Instructions for the task
Reproduce word for word every line from the one containing "2日後、母を誘って再び鹿渡島" to the final line of the data below; omit the pictures.

** Opening Records shown block **

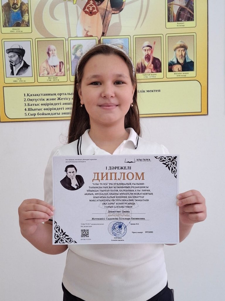 «ҰЛЫ ТҰЛҒА» республикалық «Мақатаев оқулары» байқауында «Вокал» номинациясы бойынша I дәрежелі дипломмен Денисенко Диана марапатталды.Жетекшісі – Садыкова Гульнара Екпиновна.
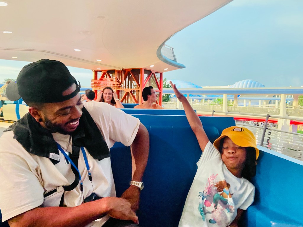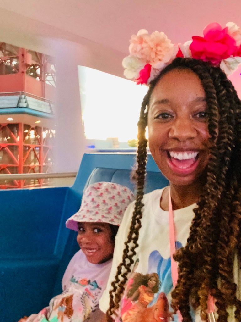 Finally, me and Buzzy Bee took a mommy and me ride at the Space Mountain rollercoaster. I was worried that she wouldnโt like it, but Bee surprised me and enjoyed it so much that she even wanted to do it again ๐
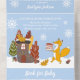 Winter children's birthday invitations with illustrations of a fox with a delicious, sweet cake for his friends, a house in the woods and snowflakes, will create a festive mood for both children and adults. Invitations are suitable for both boys and girls. See other similar products from OliaArtPositiv.
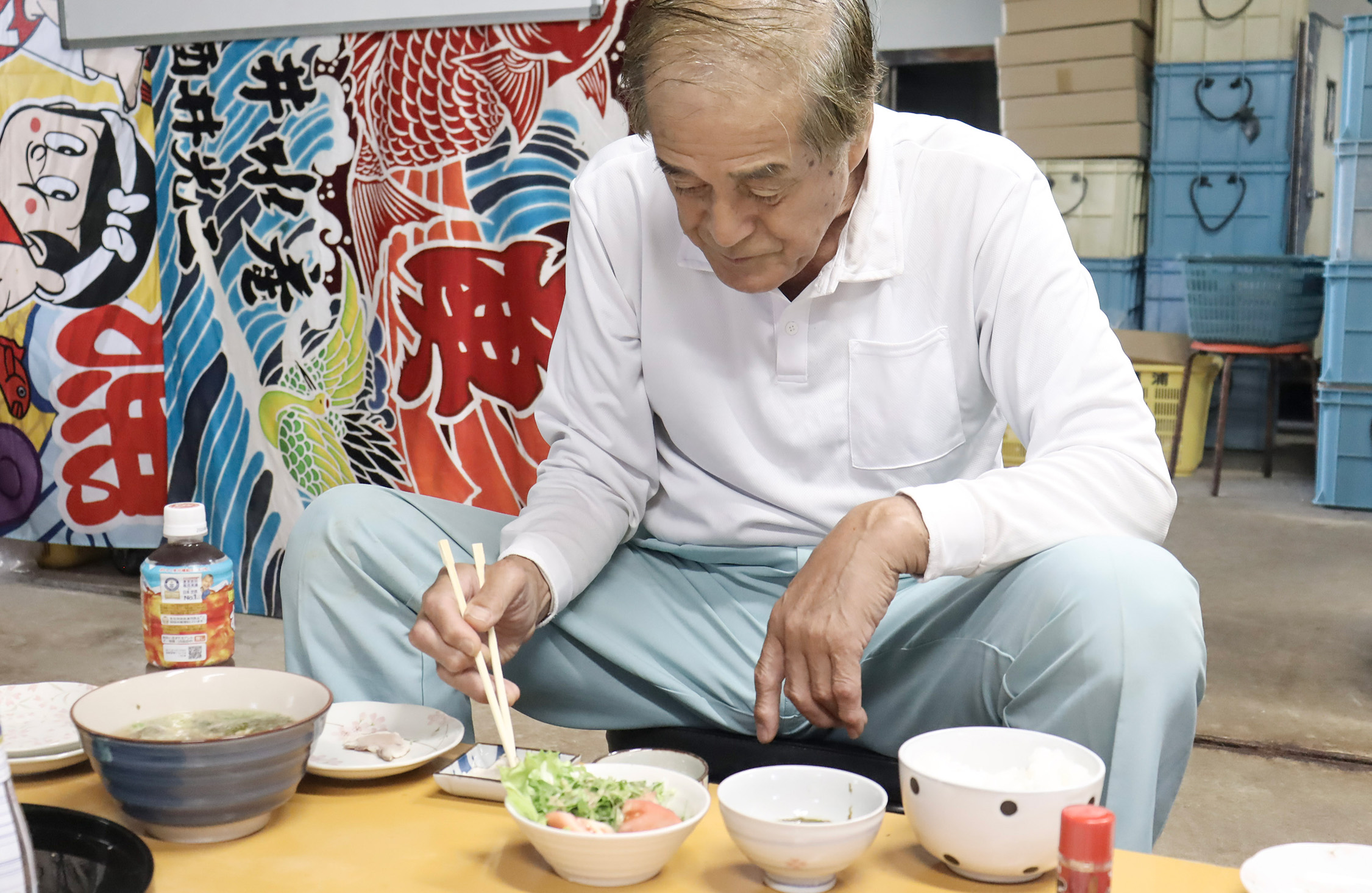 2日後、母を誘って再び鹿渡島定置を訪れた。酒井社長が迎えてくれる。先日、食べ逃した朝の漁師メシをなんとしても体験したくて、社長にムリを聞いてもらったのだ。
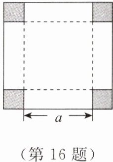 16. 【综合与实践】如图,在一张面积为$30cm^{2}$的大正方形卡纸上,剪去四个面积为$2cm^{2}$的小正方形(阴影部分),用以制作一个无盖的长方体纸盒,请你尝试用计算器确定该长方体纸盒的底面边长$a$的大小。(结果精确到百分位)

** Closing Records shown block **

Result
 2日後、母を誘って再び鹿渡島定置を訪れた。酒井社長が迎えてくれる。先日、食べ逃した朝の漁師メシをなんとしても体験したくて、社長にムリを聞いてもらったのだ。
 16. 【综合与实践】如图,在一张面积为$30cm^{2}$的大正方形卡纸上,剪去四个面积为$2cm^{2}$的小正方形(阴影部分),用以制作一个无盖的长方体纸盒,请你尝试用计算器确定该长方体纸盒的底面边长$a$的大小。(结果精确到百分位)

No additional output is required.